A prompt or a straight line that I just can’t resist.

5. When did you write your first story, unpublished and then published?

My first short stories materialized when I was in elementary school, tales about superheroes mostly. In high school, I wrote “The Sodfather” and “The Munificent Eggplant Comes to Town,” both sadly rejected by the school’s literary journal. To this day, I cannot explain their agricultural themes; I am a city girl, born and bred.

About a half-dozen unpublished short stories from the 1990s, written when I was attending workshops with the Rittenhouse Writers’ Group in Philadelphia, remain in that previously mentioned file in my home office. I was just learning how to write fiction back then, learning how to loosen my journalistic, “just-the-facts” bounds and create worlds and captivating characters to inhabit them. Eventually, I started writing novels instead.

6. Where have you previously been published?

My latest novel, the mystery Chasing Ashes, came out in November 2023, published by Celestial Echo Press. Kirkus Reviews proclaimed, “Get it.”
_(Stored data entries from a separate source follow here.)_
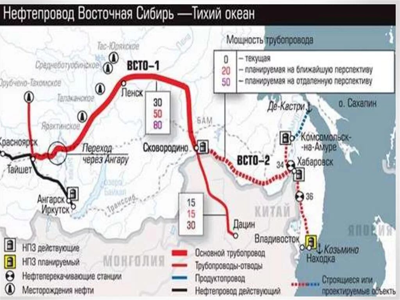Рис. 1. Схема магистрального трубопровода «Транснефть-Восток» [6]
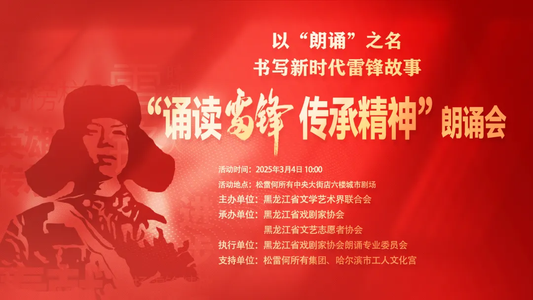 3月4日,由黑龙江省文联主办,省戏剧家协会、省文艺志愿者协会承办,省戏剧家协会朗诵专业委员会协办的“书写新时代的雷锋故事”系列活动之“传承精神 诵读雷锋”主题朗诵会在哈尔滨松雷何所有城市剧场成功举办。来自哈尔滨师范大学、哈尔滨话剧院等单位的文艺志愿者,通过饱含深情的朗诵,共同缅怀雷锋同志的光辉事迹,传承和弘扬雷锋精神,以诗传情、以声塑魂,为观众呈现了一场跨越时空的对话。
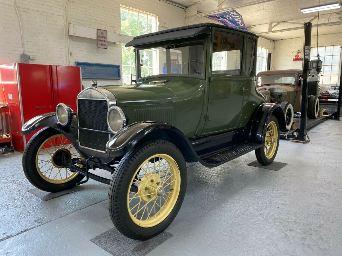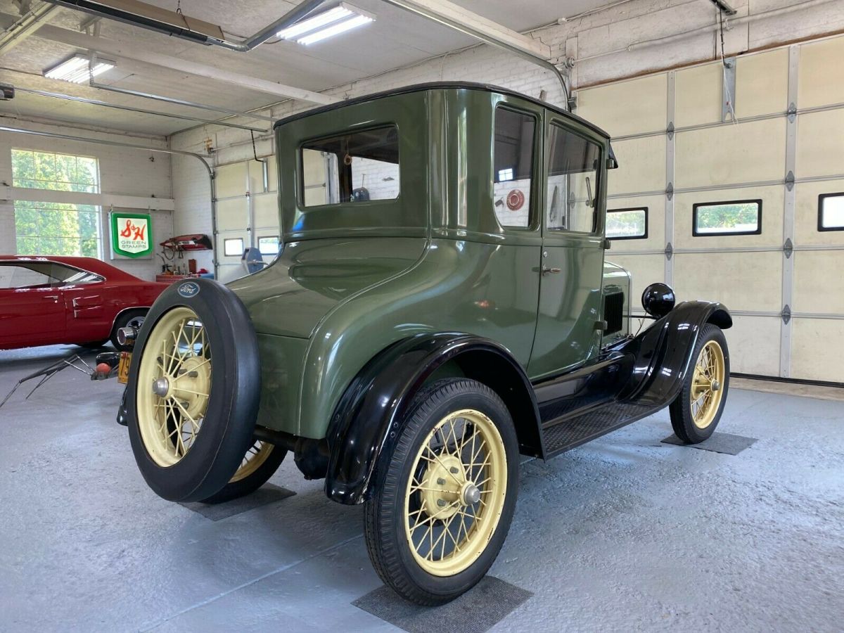 Up for auction is a very nice 1927 Ford Model T Coupe. Owned by the same mad for the last 50 years. This car was redone about 20 years ago. Stored inside garage on jack stands ever since. Even after all those years, I installed a battery and the car came to life right away. The car runs well and sounds nice. The interior is tip top with exception of the gas gauge lens. The glass is all very nice. The top is perfect. The tires hold air and 2 of the tubes are new. It is very well preserved but could use a professional detail. The fenders have a few chips from things bumping into it during the years of storage. The paint on the wheels is chipping. The headlight wires are a little brittle. If the pictures do not answer all your questions, please e-mail or call 517 748-3067. If you include a phone number in the e-mail, I will call you. This vehicle is being sold in "as is" condition with no warranty implied or otherwise. The description is to the best of our ability but is for information only and does not constitute any type of warranty. You are encouraged and welcome to inspect the car or arrange for an on-site third-party inspection before you bid. Bidders with zero or negative feedback should contact us before bidding. Buyer is responsible for vehicle pickup and/or shipping and any costs involved. Michigan sales tax or reciprocal state due as necessary. Seller is not responsible for any damage incurred during vehicle transportation. A deposit of 10% is due 2 days of the auction's end. Cash or certified check is ok. This deposit does not provide you with a chance to inspect to decide if you want to buy the vehicle. You already have bought it! Balance is due within 7 days of auction close. For the balance due, we will only accept cash ON DELIVERY (in person) or a certified check. Vehicle and title will not be released until funds clear. We reserve the right to end the auction early. Thanks for looking! |
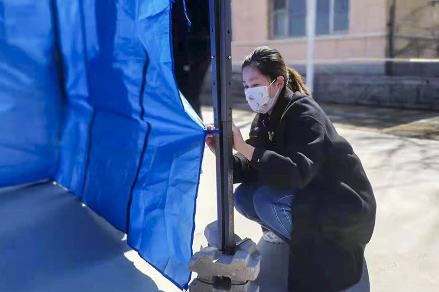 核酸检测现场,工作队成员不停穿梭在排队等待核酸检测人群中,耐心解答村民疑问,“我没带身份证怎么办?健康码在哪找?孩子没有健康码怎么办?”在空旷的广场上,阳光直射屏幕根本看不清手机,有时变换好几个角度都不一定能扫上,只能靠工作队成员手动输入信息才能认证识别。从早上八点忙到下午四点,大家依旧用铿锵有力的嗓音提醒村民提前出示辽事通健康码、佩戴好口罩、保持一米间隔,确保全员核酸检测扩面筛查安全有序进行。
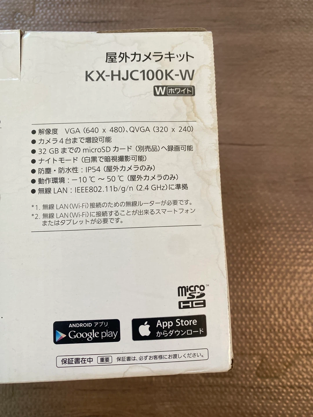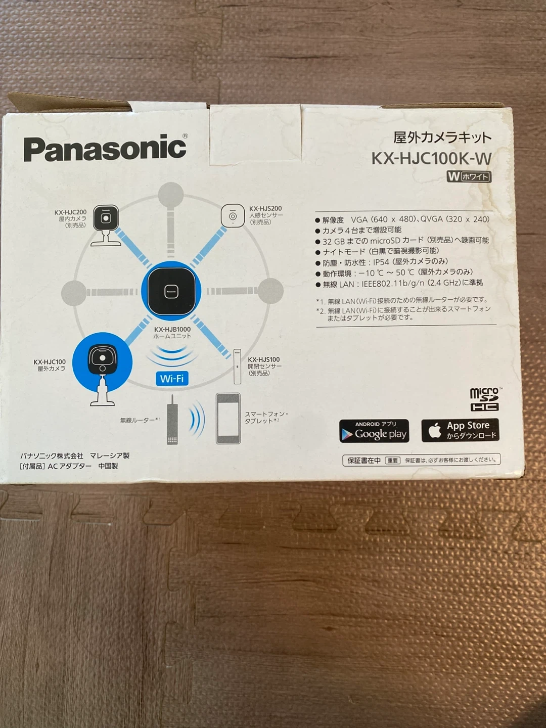 パナソニックの屋外カメラキットです。 【情報】 ブランド:パナソニック 型番:KX-HJC100K-W 【仕様】 ・解像度:VGA(640 x 480)、QVGA(320 x 240) ・カメラ4台まで増設可能 ・32 GBまでのmicroSDカードへ録画可能 ・ナイトモード(白黒で照視撮影可能) ・防水・防塵性:IP54(屋外カメラのみ) ・動作環境:-10℃~50℃(屋外カメラのみ) ・無線LAN:IEEE802.11b/g/n(2.4 GHz)に準拠 未使用です。 かなり前に購入しましたが一度も使用 しませんでした。 外箱はかなり汚れています。 保証書はありますが、 購入から1年経っており、 保証期間外となります。 中古品につき、上記内容をご理解頂ける方のみ 宜しくお願い申し上げます。
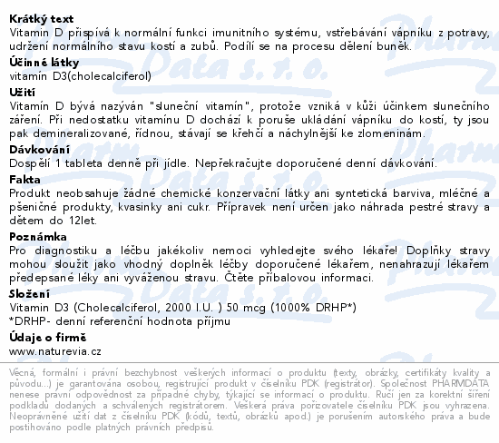 Obsah v jedné tabletě: Vitamin D3 (Cholekalciferol, 1000 I.U.) 25 mcg (500% RHP*).

When my first novel, Never Before Noon, was in the traditional submissions pipeline about nine years ago, I flirted with self-publishing. Two of my well-received short stories, “Peppina’s Sweetheart” and “Grass and Granite,” are available via KDP on Amazon. That 2015 experience was good practice for when the small press that published Never Before Noon eventually folded. I ultimately self-published the later installments of my vampire trilogy, Never Until Now and Never More Human, and re-published Book One via KDP.
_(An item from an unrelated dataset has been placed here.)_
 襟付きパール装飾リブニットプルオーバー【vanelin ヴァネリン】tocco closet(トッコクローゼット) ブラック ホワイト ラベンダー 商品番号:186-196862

My short story “Ida’s Tears” was published in 2023 in the Creatures, Crime and Creativity 10th Anniversary Anthology.

7. Do you want your readers to know anything specific about you?

The music business often plays a role in my work, certainly in “Way, Way Out of the Building” and in my vampire trilogy. That’s because I used to be vice president of Never Before Noon Artists Management, doing publicity and recording company outreach for my late husband’s company. Blues star Shemekia Copeland sang at our wedding, as did her late father, blues legend Johnny “Clyde” Copeland.

8. What is one piece of advice you would give to new writers?

Don’t hesitate, don’t second-guess yourself—just write. Get your ideas down and build those bits and pieces of plot and characters into a story you can then bounce off other writers.

9. Optional-what do you do in real life?

I’m an editor-for-hire, a wannabe decorator, a fair-weather walker, an old-movie fan, and a genre-hopping reader (romance this week, sci-fi the next, and so on).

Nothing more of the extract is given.